═══ Information shown ═══

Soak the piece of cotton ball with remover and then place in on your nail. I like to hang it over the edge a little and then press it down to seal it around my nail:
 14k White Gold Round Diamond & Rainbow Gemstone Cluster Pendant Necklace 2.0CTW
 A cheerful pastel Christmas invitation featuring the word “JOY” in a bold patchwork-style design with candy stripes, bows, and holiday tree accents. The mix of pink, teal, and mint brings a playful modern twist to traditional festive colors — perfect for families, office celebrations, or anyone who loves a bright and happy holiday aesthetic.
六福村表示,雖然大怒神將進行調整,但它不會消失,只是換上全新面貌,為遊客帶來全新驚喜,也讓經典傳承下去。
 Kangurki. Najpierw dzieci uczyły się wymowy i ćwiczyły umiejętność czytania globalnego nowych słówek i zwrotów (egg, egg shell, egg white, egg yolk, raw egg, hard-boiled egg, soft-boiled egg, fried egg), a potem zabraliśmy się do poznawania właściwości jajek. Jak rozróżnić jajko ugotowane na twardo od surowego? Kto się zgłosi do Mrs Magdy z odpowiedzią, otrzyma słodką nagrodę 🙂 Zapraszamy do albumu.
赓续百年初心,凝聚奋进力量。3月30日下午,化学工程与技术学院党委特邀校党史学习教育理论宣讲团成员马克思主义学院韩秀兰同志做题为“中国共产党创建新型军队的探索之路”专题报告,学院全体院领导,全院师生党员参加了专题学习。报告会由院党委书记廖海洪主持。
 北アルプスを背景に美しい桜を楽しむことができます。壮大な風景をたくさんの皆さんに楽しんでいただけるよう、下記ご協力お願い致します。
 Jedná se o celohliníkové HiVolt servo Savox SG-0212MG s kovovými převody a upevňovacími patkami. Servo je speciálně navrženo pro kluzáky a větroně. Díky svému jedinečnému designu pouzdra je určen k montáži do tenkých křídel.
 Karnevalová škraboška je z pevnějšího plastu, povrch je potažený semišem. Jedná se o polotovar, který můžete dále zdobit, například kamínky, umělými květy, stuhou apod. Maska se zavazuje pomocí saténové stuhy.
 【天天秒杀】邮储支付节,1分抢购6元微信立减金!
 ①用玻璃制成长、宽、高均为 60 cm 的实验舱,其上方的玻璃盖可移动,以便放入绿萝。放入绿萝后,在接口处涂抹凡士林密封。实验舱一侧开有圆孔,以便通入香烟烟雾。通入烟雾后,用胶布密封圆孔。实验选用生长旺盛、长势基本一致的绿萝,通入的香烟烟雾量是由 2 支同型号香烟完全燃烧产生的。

═══

About this exercise: Show all lines above that contain "Jedná".

Solution:
 Jedná se o celohliníkové HiVolt servo Savox SG-0212MG s kovovými převody a upevňovacími patkami. Servo je speciálně navrženo pro kluzáky a větroně. Díky svému jedinečnému designu pouzdra je určen k montáži do tenkých křídel.
 Karnevalová škraboška je z pevnějšího plastu, povrch je potažený semišem. Jedná se o polotovar, který můžete dále zdobit, například kamínky, umělými květy, stuhou apod. Maska se zavazuje pomocí saténové stuhy.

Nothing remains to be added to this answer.